### EXTRACTED INFORMATION

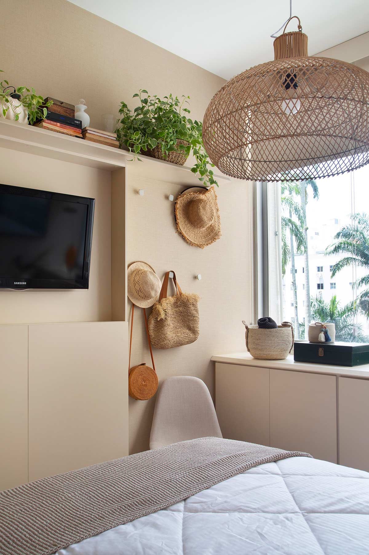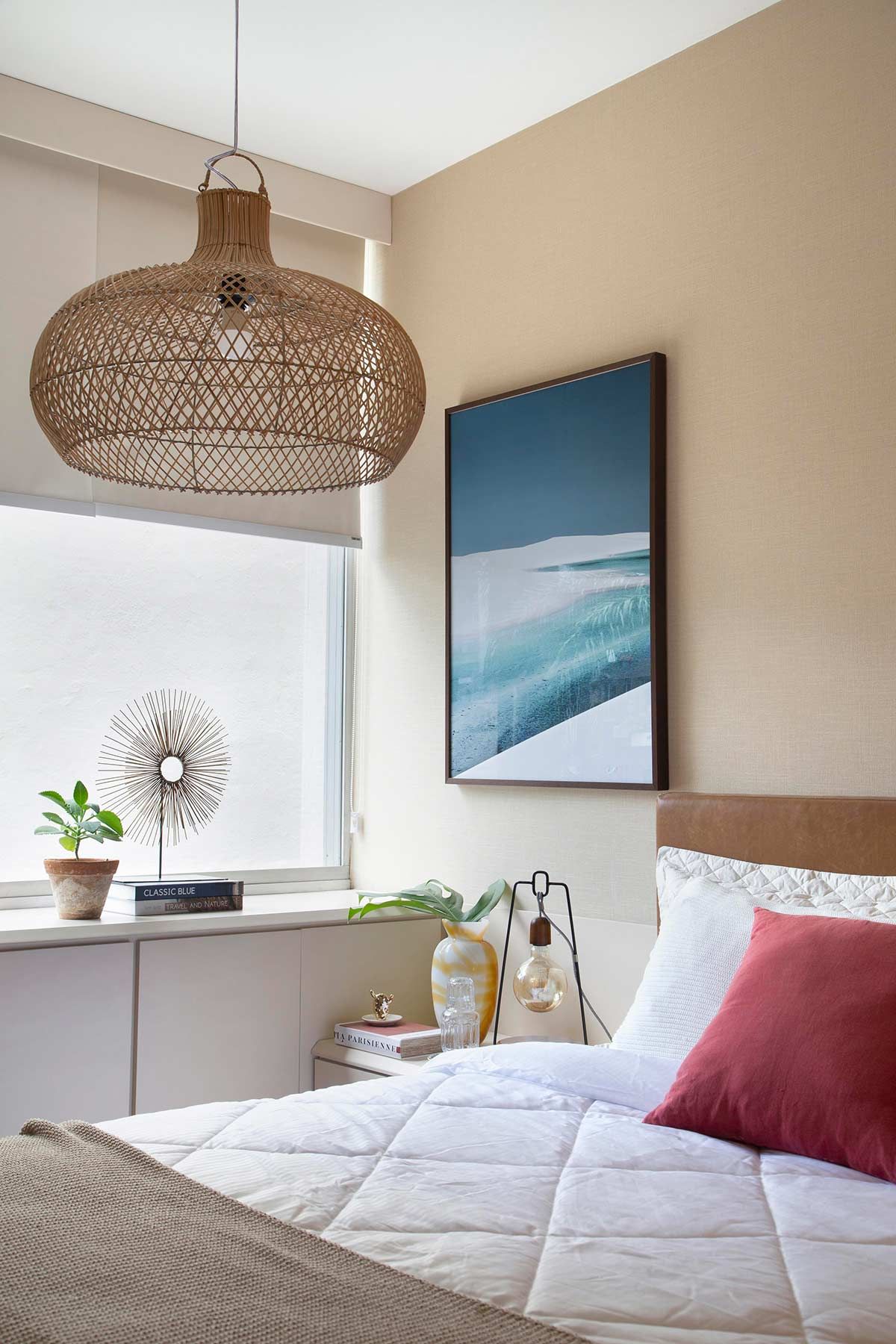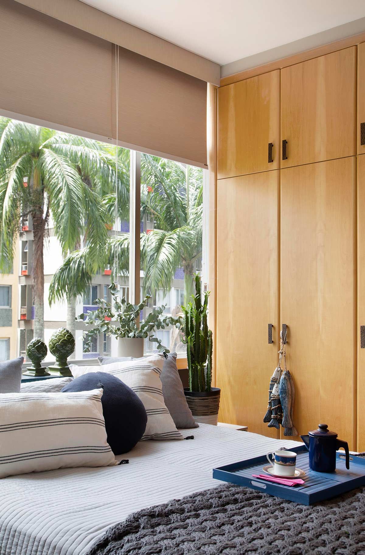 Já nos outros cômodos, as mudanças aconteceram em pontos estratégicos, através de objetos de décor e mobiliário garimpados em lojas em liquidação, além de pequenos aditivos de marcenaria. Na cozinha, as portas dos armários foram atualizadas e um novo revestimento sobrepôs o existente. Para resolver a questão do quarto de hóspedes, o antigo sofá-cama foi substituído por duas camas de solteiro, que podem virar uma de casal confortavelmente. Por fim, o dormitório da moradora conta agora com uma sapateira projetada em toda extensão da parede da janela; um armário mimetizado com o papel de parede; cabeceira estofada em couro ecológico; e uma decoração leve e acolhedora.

######
### EXTRACTED INFORMATION

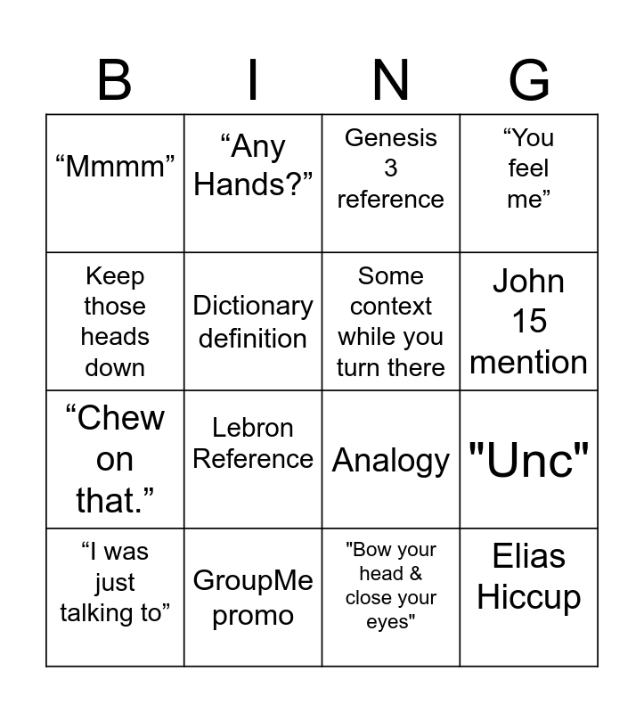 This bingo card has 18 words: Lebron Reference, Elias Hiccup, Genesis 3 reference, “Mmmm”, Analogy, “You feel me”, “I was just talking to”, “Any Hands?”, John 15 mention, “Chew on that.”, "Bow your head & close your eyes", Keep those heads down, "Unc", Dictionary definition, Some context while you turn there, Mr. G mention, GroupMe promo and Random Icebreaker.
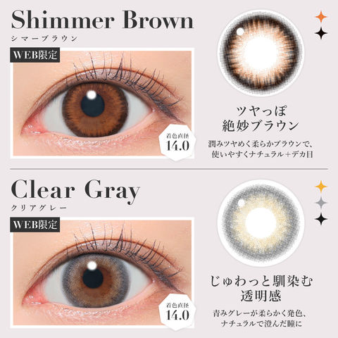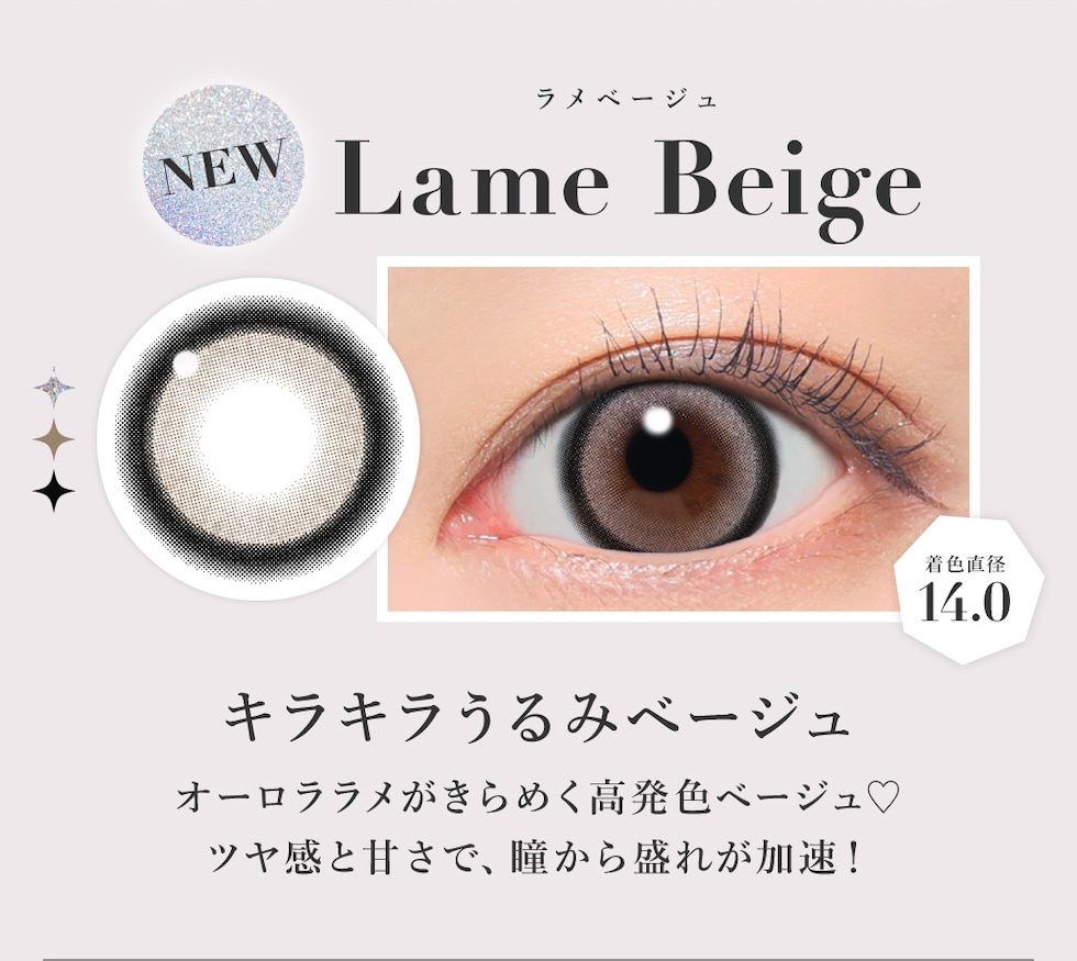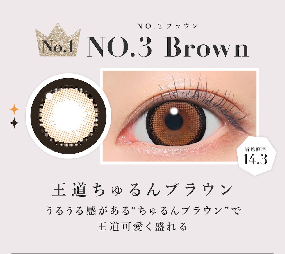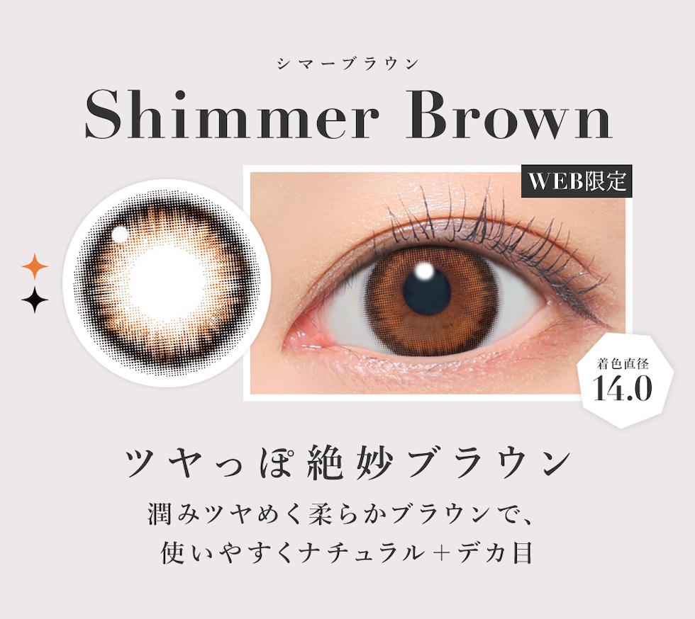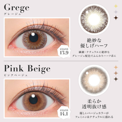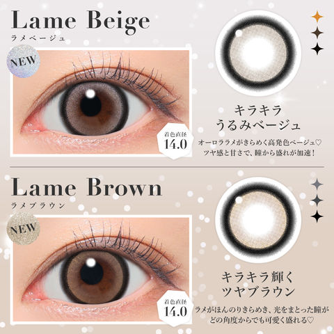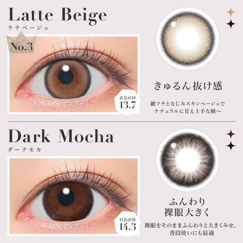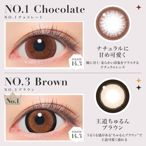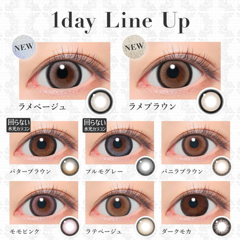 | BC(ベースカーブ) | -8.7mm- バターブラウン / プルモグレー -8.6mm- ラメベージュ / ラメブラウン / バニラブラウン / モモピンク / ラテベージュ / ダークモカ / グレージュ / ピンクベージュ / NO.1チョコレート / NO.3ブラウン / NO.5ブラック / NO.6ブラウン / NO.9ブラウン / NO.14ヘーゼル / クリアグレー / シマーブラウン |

######

◆ PROMPT
Only the lines starting at the one with "This bingo card" and ending at the one with "クリアグレー / シマーブラウン |" should be printed, each exactly as it appears in the material above; the pictures are to be omitted.

◆ RESULT OF THIS EXERCISE
 This bingo card has 18 words: Lebron Reference, Elias Hiccup, Genesis 3 reference, “Mmmm”, Analogy, “You feel me”, “I was just talking to”, “Any Hands?”, John 15 mention, “Chew on that.”, "Bow your head & close your eyes", Keep those heads down, "Unc", Dictionary definition, Some context while you turn there, Mr. G mention, GroupMe promo and Random Icebreaker.
 | BC(ベースカーブ) | -8.7mm- バターブラウン / プルモグレー -8.6mm- ラメベージュ / ラメブラウン / バニラブラウン / モモピンク / ラテベージュ / ダークモカ / グレージュ / ピンクベージュ / NO.1チョコレート / NO.3ブラウン / NO.5ブラック / NO.6ブラウン / NO.9ブラウン / NO.14ヘーゼル / クリアグレー / シマーブラウン |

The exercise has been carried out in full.